Legal experts believe the justices could bring sports betting out of the shadows and let states set up their own regulated sports betting systems. Connecticut’s governor, for example, signed into law an overall gaming package that includes a sports betting provision.

”Once decisions about whether to legalize gambling are returned to the states, there would be no reason for the federal government to interfere if other states entered into interstate and even international agreements,” gaming law expert I. Nelson Rose wrote in a recent commentary.

In Nevada, mobile sports wagering applications helped propel Nevada’s legal sports books to a record $4.5 billion in wagers during 2016. Full-blown daily fantasy sports wagering could be an additional piston in the state’s already high-powered engine.

DraftKings and FanDuel would have to earn Nevada gaming licenses, but the companies would, then, no longer be considered outsiders.

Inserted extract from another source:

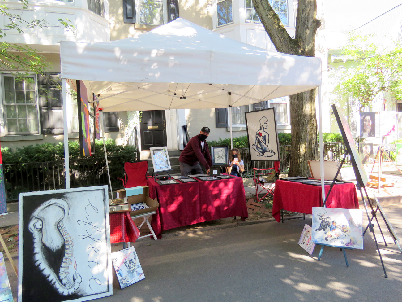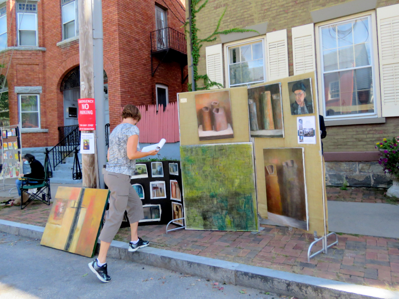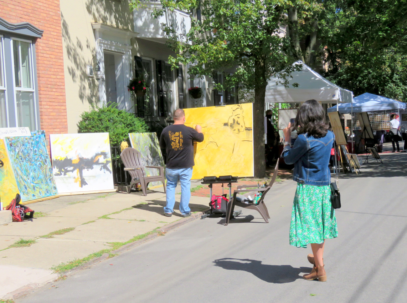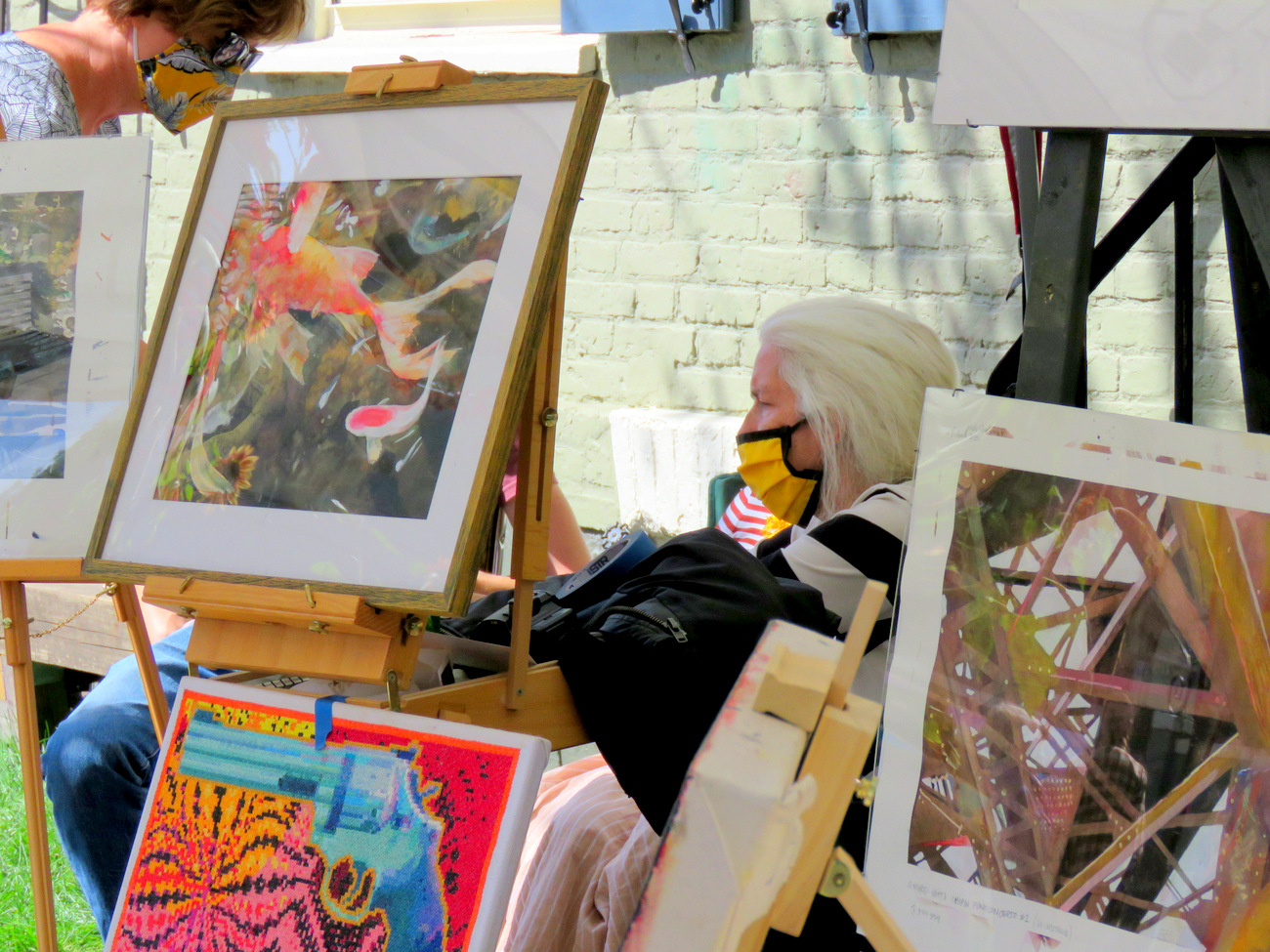 Today’s 69th Annual Stockade Villagers’ Outdoor Art Show had special COVID-19 pandemic rules and procedures. Organizers and fans wondered whether the lack of registration, judging and awards would keep artists and patrons/browsers away, with a backdrop of virus-fueled agoraphobia. Well, we did not have to worry. Gorgeous weather, a palette-full of artists, and a robust number of masked visitors made the Show a bright success.

Attorneys General from California and the District of Columbia joined the FTC in lawsuits blocking the merger, saying a combined business would control 90 percent of the fantasy sports market.

DraftKings and FanDuel are not receding into the background. The companies are moving forward as competitors once again, to take market share from each other and smaller rivals.

“There is still enormous, untapped market opportunity for FanDuel, and we will continue to execute our strategy to grow our business and further expand the fantasy sports industry,” FanDuel CEO Nigel Eccles said a statement.

DraftKings CEO Jason Robins said the company is focusing on overseas growth.

“We have a growing customer base of nearly 8 million (and) our revenue is growing over 30 percent year-over-year,” Robins said in a statement.

How much the market continues to grow is the hands of the nine Supreme Court justices.